Work required:
An exact copy of all the data below is needed, without its pictures.

Source information:
#####

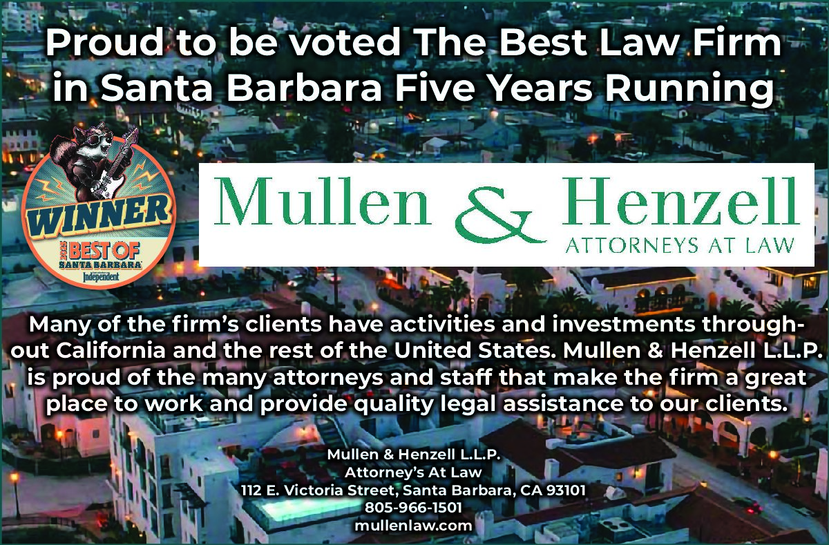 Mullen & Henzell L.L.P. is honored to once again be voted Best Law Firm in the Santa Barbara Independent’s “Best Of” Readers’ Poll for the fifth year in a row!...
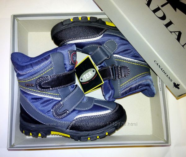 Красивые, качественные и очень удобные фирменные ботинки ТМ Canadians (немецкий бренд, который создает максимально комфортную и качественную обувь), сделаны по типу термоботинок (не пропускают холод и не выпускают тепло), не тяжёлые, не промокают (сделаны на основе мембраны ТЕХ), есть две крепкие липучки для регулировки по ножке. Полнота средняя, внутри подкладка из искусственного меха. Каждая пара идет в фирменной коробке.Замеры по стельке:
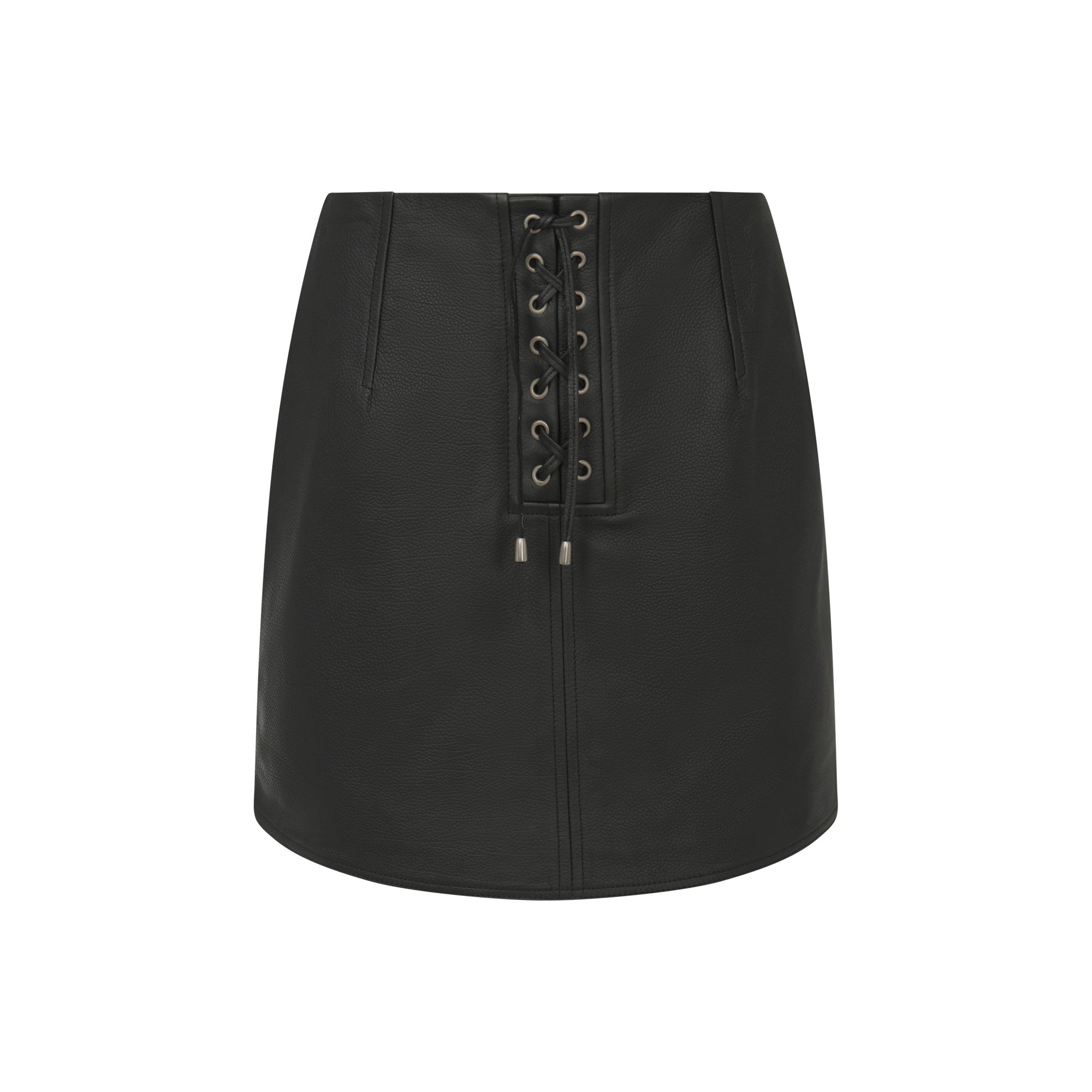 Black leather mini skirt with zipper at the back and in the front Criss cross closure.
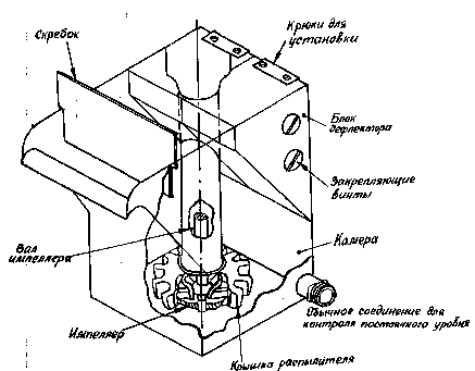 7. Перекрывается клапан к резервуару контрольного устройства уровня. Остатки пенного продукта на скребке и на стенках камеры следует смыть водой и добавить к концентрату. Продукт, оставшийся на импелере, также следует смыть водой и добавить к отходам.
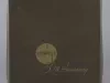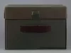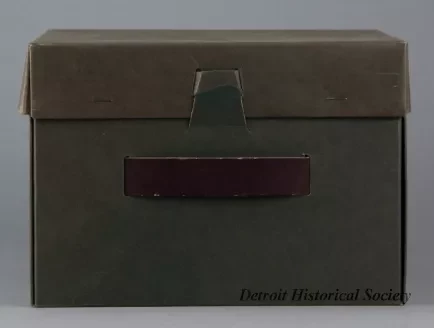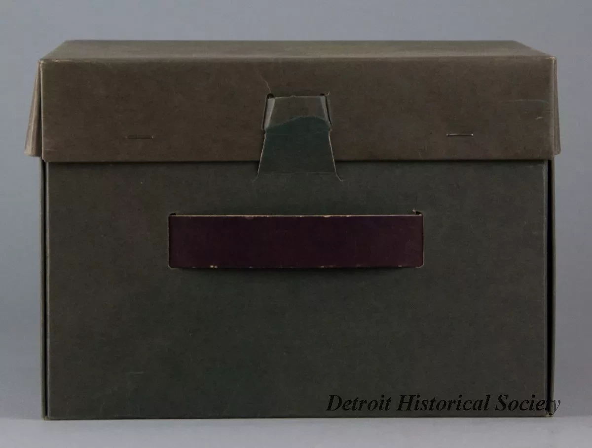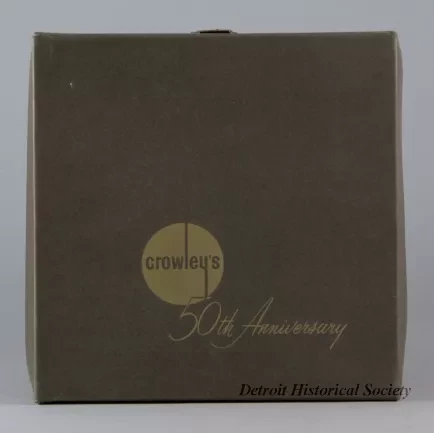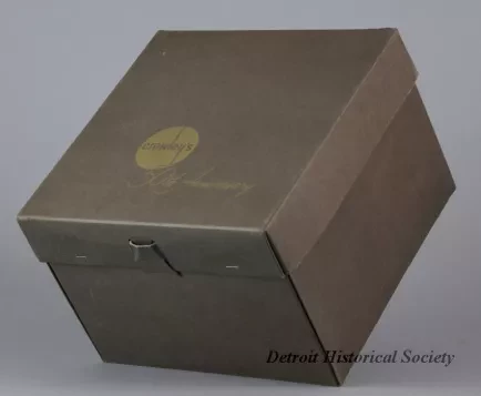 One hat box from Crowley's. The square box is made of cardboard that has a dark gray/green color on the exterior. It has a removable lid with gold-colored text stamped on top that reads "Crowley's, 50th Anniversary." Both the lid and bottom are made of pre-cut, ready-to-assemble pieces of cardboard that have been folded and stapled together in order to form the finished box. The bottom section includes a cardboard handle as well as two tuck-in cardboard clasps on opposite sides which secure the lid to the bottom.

#####

Output:
 Mullen & Henzell L.L.P. is honored to once again be voted Best Law Firm in the Santa Barbara Independent’s “Best Of” Readers’ Poll for the fifth year in a row!...
 Красивые, качественные и очень удобные фирменные ботинки ТМ Canadians (немецкий бренд, который создает максимально комфортную и качественную обувь), сделаны по типу термоботинок (не пропускают холод и не выпускают тепло), не тяжёлые, не промокают (сделаны на основе мембраны ТЕХ), есть две крепкие липучки для регулировки по ножке. Полнота средняя, внутри подкладка из искусственного меха. Каждая пара идет в фирменной коробке.Замеры по стельке:
 Black leather mini skirt with zipper at the back and in the front Criss cross closure.
 7. Перекрывается клапан к резервуару контрольного устройства уровня. Остатки пенного продукта на скребке и на стенках камеры следует смыть водой и добавить к концентрату. Продукт, оставшийся на импелере, также следует смыть водой и добавить к отходам.
 One hat box from Crowley's. The square box is made of cardboard that has a dark gray/green color on the exterior. It has a removable lid with gold-colored text stamped on top that reads "Crowley's, 50th Anniversary." Both the lid and bottom are made of pre-cut, ready-to-assemble pieces of cardboard that have been folded and stapled together in order to form the finished box. The bottom section includes a cardboard handle as well as two tuck-in cardboard clasps on opposite sides which secure the lid to the bottom.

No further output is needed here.